**Exercise objective**. Your output should be the lines below from the one with "In this page" through the one with "Zelo malo rabljeni", copied exactly, pictures excluded.

**Records supplied**.
----

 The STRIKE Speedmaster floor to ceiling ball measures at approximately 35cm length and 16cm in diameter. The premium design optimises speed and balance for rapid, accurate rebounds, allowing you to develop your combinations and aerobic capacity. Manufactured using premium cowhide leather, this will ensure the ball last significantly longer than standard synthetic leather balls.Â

----

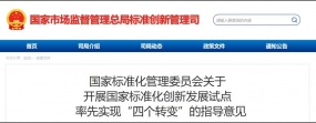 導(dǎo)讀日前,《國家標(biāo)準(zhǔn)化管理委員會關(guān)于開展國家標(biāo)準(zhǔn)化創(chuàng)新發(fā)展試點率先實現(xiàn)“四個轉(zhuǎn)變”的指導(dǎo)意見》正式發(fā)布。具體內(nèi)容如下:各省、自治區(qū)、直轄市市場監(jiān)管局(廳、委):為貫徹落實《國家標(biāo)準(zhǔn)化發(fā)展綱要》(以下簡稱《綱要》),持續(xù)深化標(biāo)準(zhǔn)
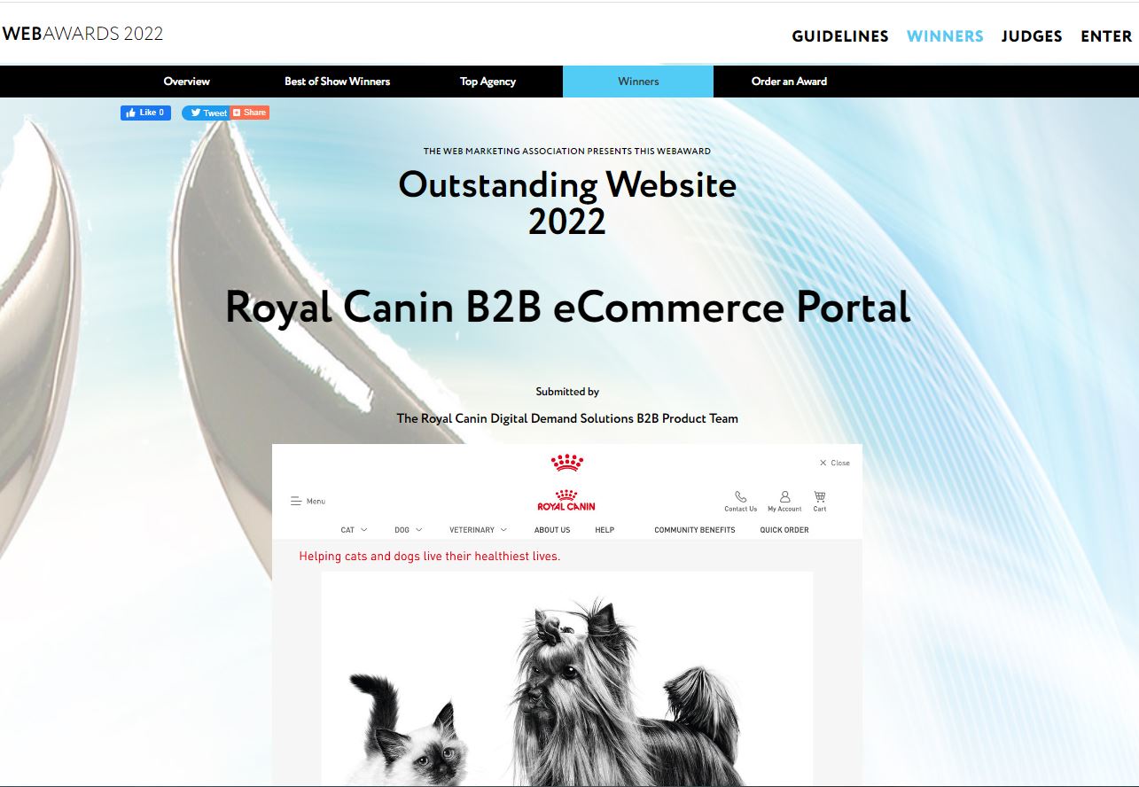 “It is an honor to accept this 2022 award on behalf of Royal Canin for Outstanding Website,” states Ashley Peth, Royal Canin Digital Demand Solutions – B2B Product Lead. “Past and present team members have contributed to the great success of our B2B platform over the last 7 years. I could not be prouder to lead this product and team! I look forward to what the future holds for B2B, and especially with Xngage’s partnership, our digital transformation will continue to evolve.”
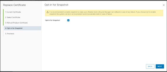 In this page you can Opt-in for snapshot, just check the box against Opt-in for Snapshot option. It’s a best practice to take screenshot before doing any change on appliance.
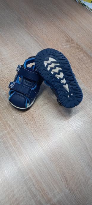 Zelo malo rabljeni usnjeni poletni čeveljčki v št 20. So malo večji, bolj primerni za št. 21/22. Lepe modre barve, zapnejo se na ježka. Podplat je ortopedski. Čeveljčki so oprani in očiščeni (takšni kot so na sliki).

----

**Result below**.
 In this page you can Opt-in for snapshot, just check the box against Opt-in for Snapshot option. It’s a best practice to take screenshot before doing any change on appliance.
 Zelo malo rabljeni usnjeni poletni čeveljčki v št 20. So malo večji, bolj primerni za št. 21/22. Lepe modre barve, zapnejo se na ježka. Podplat je ortopedski. Čeveljčki so oprani in očiščeni (takšni kot so na sliki).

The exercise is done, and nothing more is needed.